At this point, there are a lot of replication controllers trying to create pods, but being rejected by admission control, and that was fine BUT when the openshift-infra namespace was being purged, it deleted the service accounts. The service accounts were used by the replication controller to function. This results in log messages that say the replication controller needs to present credentials.

I then was wondering what was going on, and saw that openshift-infra was terminating. It may have eventually terminated if I left it running, but there was a lot of client traffic contention, so I restarted openshift.

At this point, openshift had 498 projects terminating, and the openshift-infra project had no service accounts.

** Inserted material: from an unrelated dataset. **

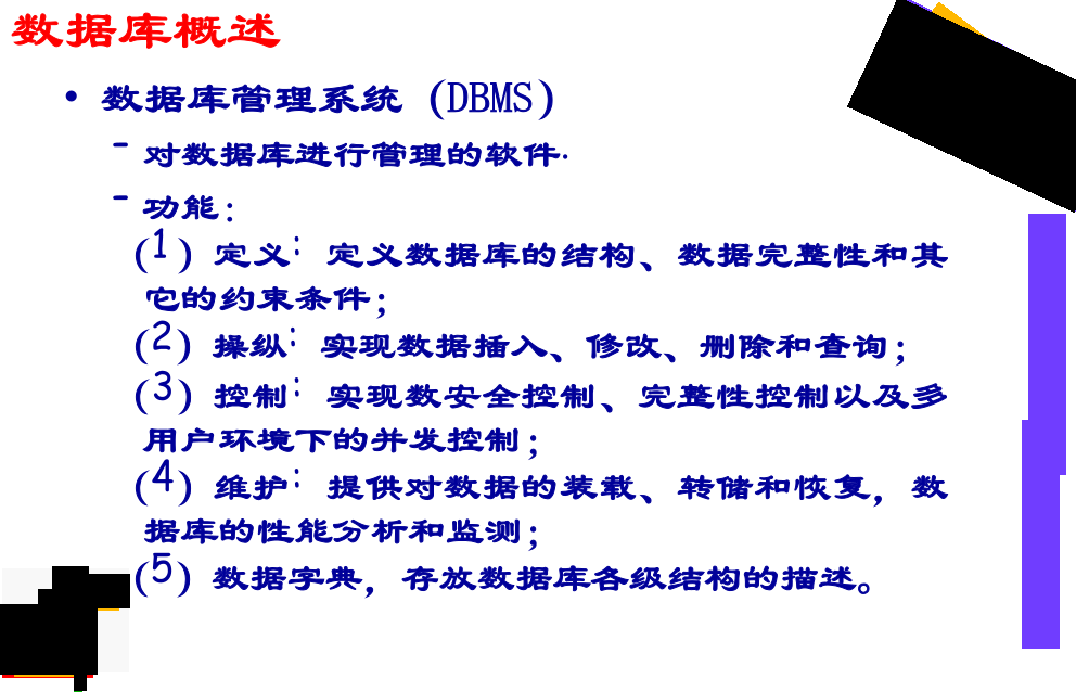 ACCESS2010基础教程数据库概述数据库概述数据库概述数据库概述6.1数据库概述举例:图书馆===数据库数据库概述数据库管理系统(DBMS)对数据库进行管理的软件.功能:(1)定义:定义数据库的结构、数据完整性和其它的约束条件;(2)操纵:实现数据插入、修改、删除和查询;(3)控制:实现数安全控制、完整性控制以及多用户环境下的并发控制;(4)维护:提供对数据的装载、转储和恢复,数据库的性能分析和监测;(5)数据字典,存放数据库各级结构的描述。应用程序利用DBMS开发的应用软件。数据库管理员(DBA)负责管理数据库资源;确定用户需求,设计、实现数据库;并负责维护和管理数据库。数据库系统(DBS)完整的数据库系统由硬件、数据库、数据库管理系统、操作系统、应用程序、数据库管理员等部分组成。应用程序三.数据库系统的体系结构二级映射用于三级模式之间的转换。(1)外模式/模式映射定义外模式和概念模式之间的对应性,这一映射使得概念模式的改变不影响外模式和应用程序,从而达到了数据的逻辑独立性。(2)模式/内模式映射定义概念模式和内模式之间的对应性,当存储结构改变即修改内模式时,只要相应改变模式/内模式映象,而模式尽量保存不变,从而达到了数据的物理独立性。数据库系统的体系结构数据模型数据模型实体集之间的联系实体集之间的联系实体集之间的联系E-R图举例:网上成绩查询管理系统的E-R图学生实体集和课程实体集之间的关系逻辑数据模型逻辑数据模型逻辑数据模型逻辑数据模型物理数据模型物理数据模型关系数据库关系数据库关系模型中的常用术语关系模型中的常用术语关系模型中的常用术语关系模型中的常用术语关系模型中的常用术语关系模型中的常用术语关系模型的特点关系的基本运算关系的基本运算关系的基本运算专门的关系运算——选择、投影、连接由E-R图设计关系模型根据概念数据模型设计关系数据模型一个实体集转换为一个关系模式,实体集的属性就是关系的属性Access简介ACCESS数据库管理系统Access的启动6.4.1创建数据库和数据表数据完整性控制参照完整性示例建立student表和sel_course表间的关联关系school数据库中各表的关联关系数据查询多种查询视图多种查询类型说明数据库组成数据库组成数据库组成数据库组成数据库组成数据库组成数据表的建立和使用建立数据表编辑数据表建立表间关系建立表间关系数据表的使用数据表的使用查询查询的类型设计视图窗口的组成课堂训练实体完整性课堂训练用户定义的完整性课堂训练参照完整性课堂训练参照完整性课堂训练参照完整性课堂训练用两个表的数据建立查询课堂训练用查询对数据进行分类汇总动手练习:建立一个学生数据库,并向该数据库中添加6个数据表,分别为:课程表、开课计划表、选课成绩表、学生表、教师表、系部表等。这几个表的字段分别如下所示:课程表(课程编号、课程名称、课程类别)说明:主键字段是课程编号,数字类型,整型,必添字段,课程名称,文本性,长度为50,必添字段,不允许空白字符串课程类别:文本性,长度为10选课成绩表(选课代码、学号、平时成绩、考试成绩、总评成绩、成绩等级)说明:选课代码,数字类型,整型,必填字段学号,数字类型,整型,必填字段平时成绩,数字类型,单精度,小数位数2考试成绩,数字类型,单精度,小数位数2总评成绩,数字类型,单精度,小数位数2成绩等级,文本,长度为2学生表(学号、姓名、性别、电话)说明:学号,主键,数字类型,长度为5,必填字段姓名,文本类型,长度为20,必填字段,不允许为空性别,文本类型,长度为2,进行有效性规则的设定及有效性文本的设定,默认为男电话,文本型,长度为13,输入掩码属性定义为9000-90000000;0;#教师表(教师编号、系部编号、姓名、性别、职称)说明:教师编号,数字类型,长度为4,主键,必填字段系部编号,数字类型,整型,不允许为空姓名,文本类型,长度20,不允许为空性别,文本类型,长度2,默认为男,不允许为空职称,文本类型,长度8系部表(系部编号、系部名称、负责人、联系电话)说明:系部编号,数字类型,整型系部名称,文本类型,50,不允许为空负责人,文本类型,50联系电话,文本类型,长度11查询总结窗体的使用

You then get a message in log reporting the following and openshift fails to start:

Jun 17 17:09:34 openshiftdev.local openshift[30991]: F0617 17:09:34.334335   30991 start_master.go:403] Could not get client for replication controller: Could not get token for openshift-infra/re...on-controller
Ju

I realize this was an operator error, but there is no way to recover, and I am strongly inclined to believe that I will not be the first operator to make this error.

I think one of the following:

policy should never allow that namespace to be deleted
admission control should never allow that namespace to be deleted (since its essential to system function)

@smarterclayton @liggitt @deads2k - opinions on preferred route? I vote for 2.

The text was updated successfully, but these errors were encountered:

liggitt · 2015-06-17T17:17:20Z

policy can't express denies, so you couldn't prevent a cluster admin from deleting via policy

derekwaynecarr · 2015-06-17T17:19:10Z

I think all of our controller clients will cease to work if these service accounts are deleted, no?

Also, its not possible to make a 'terminating' namespace stop terminating unless there is a way to nil out a DeletionTimestamp that I am missing.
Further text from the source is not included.